Rational design and validation of synergistic midostaurin drug combination. A, Condensed schematic of midostaurin's effector signaling network. Direct midostaurin targets are depicted in blue, MS-detected phosphosites in purple. Gray nodes complement the signaling network and were not detected via MS, dark gray phosphosites were validated by immunoblotting. B, Western blot analysis of downstream signaling nodes of critical midostaurin targets. A427 cells were treated for 3 h with 0.5 and 1 μm of alisertib (AURKAi), BX795 (TBK1i), GSK2334470 (PDPK1i) or midostaurin. Representative images of three biological replicates are shown. C/E, Viability of A427 (C) and A549 (E) cells upon midostaurin and the PLK1i BI2536 (C: 15 nm; E: 20 nm) treatment determined by CellTiterGlo. Data is representative of three biological replicates (mean ± S.D.). CI values were calculated using CompuSyn. D/F, Colony formation assay of A427 (D) and A549 (F) cells after 9 days of treatment with midostaurin and BI2536 at indicated concentrations. Data is representative of three biological replicates. Mido, midostaurin; BI, BI2536; DMSO: vehicle control.
DISCUSSION
Despite tremendous advances in genomics and the associated success of precision medicine, the majority of cancers, including many NSCLC tumors, currently does not display actionable mutations thus illustrating the urgent need for new anticancer targets (3). Guided by the unexplained cellular activity of the FDA-approved multikinase inhibitor midostaurin in NSCLC cells, we applied an integrated functional proteomics approach, comprised of chemical proteomics as well as global and tyrosine phosphoproteomics. This strategy led to the identification of new actionable targets for lung cancer through elucidation of midostaurin's network-wide signaling effects and complex MoA. Importantly, by comparison with other potent and selective inhibitors, midostaurin's activity in these cells was independent of its canonical targets PKC and FLT3. Moreover, we found that midostaurin's MoA depends on the concurrent inhibition of at least three different non-canonical targets.
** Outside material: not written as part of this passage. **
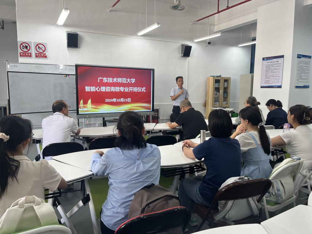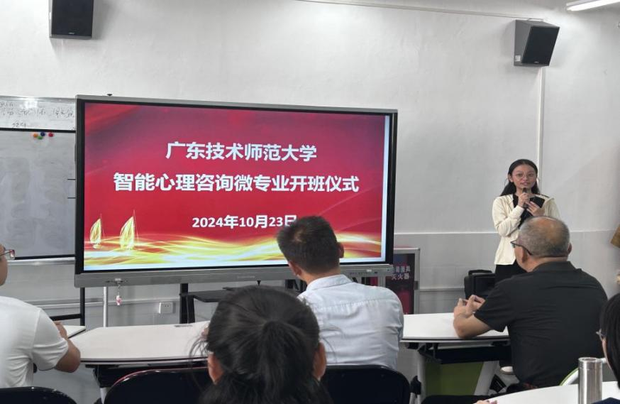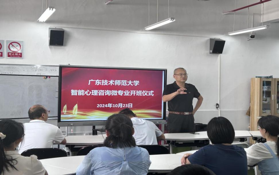 为更好地服务国家“健康中国”和“进一步推进社会心理服务体系建设”的战略需要,紧扣“AI+心理学”融合发展的时代浪潮,满足大湾区对“数字化、复合型、应用型”心理专业人才的需求,2024年10月23日中午,公司智能心理咨询微专业开班仪式在白云校区二训实验楼404顺利举行。公司领导张旭日书记、副经理谢德新教授、应用心理学专业负责人章玉祉副教授、应用心理学系专任教师王雨函博士、李俊朝博士、吴玉洁博士及来自全校12个公司20个专业的37名智能心理微专业的同学参加了开班仪式,仪式由应用心理学专业负责人章玉祉主持。

This observation not only constitutes a rare and intriguing case of polypharmacology (9), but also powerfully demonstrates the need for applying an unbiased, multi-layered proteomics approach and network-based analysis to capture the complexity of the underlying mechanisms. This strategy was particularly important as the relevant midostaurin targets in these cells were not mutated and therefore “hidden” from most genomics approaches, and as their contribution was rather based on their widespread impact in the signaling network (4). Our findings furthermore illustrate the power of combining these orthogonal proteomics technologies as neither chemical proteomics nor phosphoproteomics analysis in isolation would have easily nominated this broad spectrum of functionally relevant targets and pathways.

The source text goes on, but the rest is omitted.